__Work to be completed__:
Look below for the line with "اضافه خواهد شد@Akhbarmashhad" and the line with "Diese kleinen, aus"; repeat exactly those two lines and all lines between them, but no pictures.

__Supplied records__:
──────

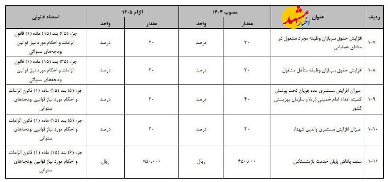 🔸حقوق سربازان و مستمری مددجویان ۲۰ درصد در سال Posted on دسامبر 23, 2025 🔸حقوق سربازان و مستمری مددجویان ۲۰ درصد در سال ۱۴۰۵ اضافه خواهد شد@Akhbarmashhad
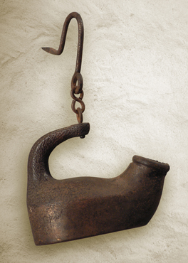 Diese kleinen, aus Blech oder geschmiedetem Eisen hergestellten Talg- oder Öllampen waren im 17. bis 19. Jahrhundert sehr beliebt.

──────

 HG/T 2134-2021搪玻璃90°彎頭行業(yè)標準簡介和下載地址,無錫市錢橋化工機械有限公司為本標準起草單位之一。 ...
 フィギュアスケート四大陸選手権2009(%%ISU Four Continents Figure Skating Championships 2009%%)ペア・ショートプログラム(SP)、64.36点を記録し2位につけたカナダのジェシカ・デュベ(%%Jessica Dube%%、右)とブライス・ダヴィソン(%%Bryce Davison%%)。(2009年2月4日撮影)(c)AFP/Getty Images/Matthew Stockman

──────

__Final answer__:
 🔸حقوق سربازان و مستمری مددجویان ۲۰ درصد در سال Posted on دسامبر 23, 2025 🔸حقوق سربازان و مستمری مددجویان ۲۰ درصد در سال ۱۴۰۵ اضافه خواهد شد@Akhbarmashhad
 Diese kleinen, aus Blech oder geschmiedetem Eisen hergestellten Talg- oder Öllampen waren im 17. bis 19. Jahrhundert sehr beliebt.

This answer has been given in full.